EXTRACTED DATA:
<<<<
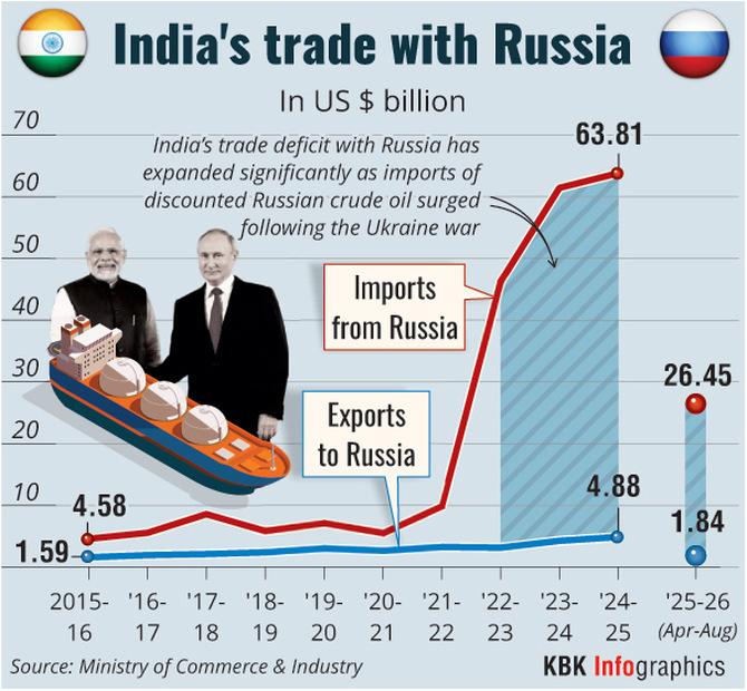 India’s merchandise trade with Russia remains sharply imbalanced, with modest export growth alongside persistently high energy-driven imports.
>>>>
<<<<
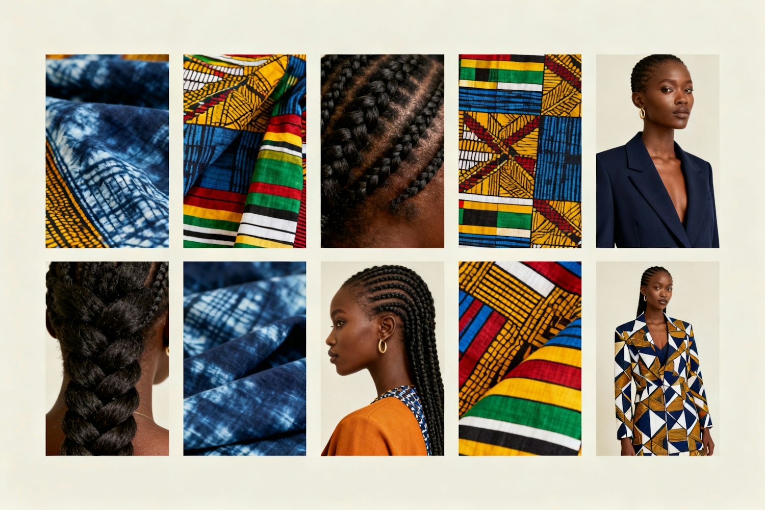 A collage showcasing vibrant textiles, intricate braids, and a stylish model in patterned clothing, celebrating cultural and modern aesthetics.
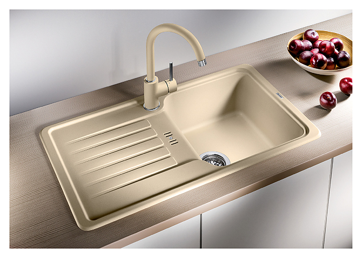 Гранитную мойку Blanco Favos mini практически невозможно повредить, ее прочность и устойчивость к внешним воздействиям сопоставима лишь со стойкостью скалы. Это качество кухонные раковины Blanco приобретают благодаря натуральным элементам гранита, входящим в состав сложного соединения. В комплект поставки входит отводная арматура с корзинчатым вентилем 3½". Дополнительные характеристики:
>>>>
<<<<
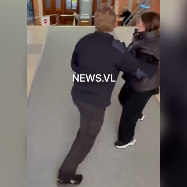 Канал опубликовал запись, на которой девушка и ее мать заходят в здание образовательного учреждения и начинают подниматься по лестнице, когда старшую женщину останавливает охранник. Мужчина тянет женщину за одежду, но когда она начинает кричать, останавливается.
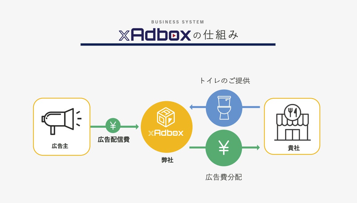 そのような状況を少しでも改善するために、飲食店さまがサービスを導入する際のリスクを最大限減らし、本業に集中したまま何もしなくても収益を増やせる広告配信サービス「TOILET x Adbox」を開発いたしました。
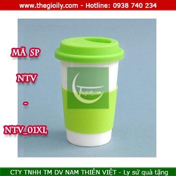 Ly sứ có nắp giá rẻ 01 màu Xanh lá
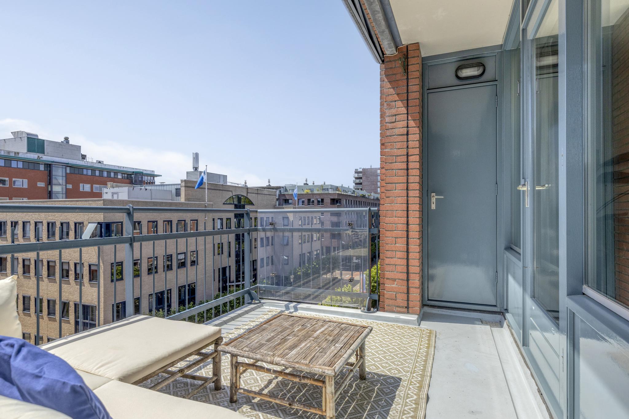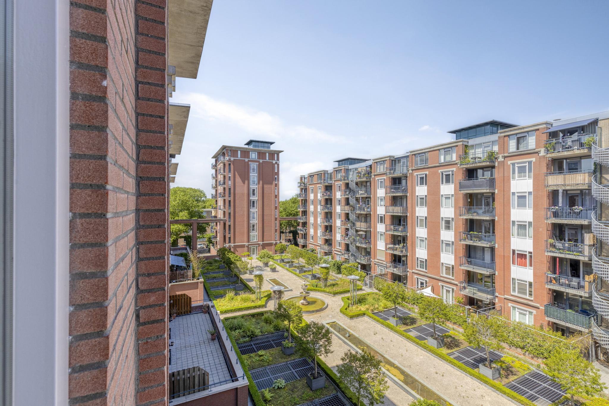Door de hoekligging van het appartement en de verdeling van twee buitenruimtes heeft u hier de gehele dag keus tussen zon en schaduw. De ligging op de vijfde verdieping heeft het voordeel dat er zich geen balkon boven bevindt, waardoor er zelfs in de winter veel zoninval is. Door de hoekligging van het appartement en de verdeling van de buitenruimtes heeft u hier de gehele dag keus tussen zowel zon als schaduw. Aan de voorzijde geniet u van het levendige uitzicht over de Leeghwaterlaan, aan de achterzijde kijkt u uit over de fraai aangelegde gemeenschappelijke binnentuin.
>>>>
Among the entries above, take the lines from the one with "Ly sứ có nắp giá rẻ 01 màu Xanh lá" through the one with "Door de hoekligging van het appartement en de verdeling van twee" and retype them exactly, leaving out the pictures.

ANSWER TO THIS PROBLEM:
 Ly sứ có nắp giá rẻ 01 màu Xanh lá
Door de hoekligging van het appartement en de verdeling van twee buitenruimtes heeft u hier de gehele dag keus tussen zon en schaduw. De ligging op de vijfde verdieping heeft het voordeel dat er zich geen balkon boven bevindt, waardoor er zelfs in de winter veel zoninval is. Door de hoekligging van het appartement en de verdeling van de buitenruimtes heeft u hier de gehele dag keus tussen zowel zon als schaduw. Aan de voorzijde geniet u van het levendige uitzicht over de Leeghwaterlaan, aan de achterzijde kijkt u uit over de fraai aangelegde gemeenschappelijke binnentuin.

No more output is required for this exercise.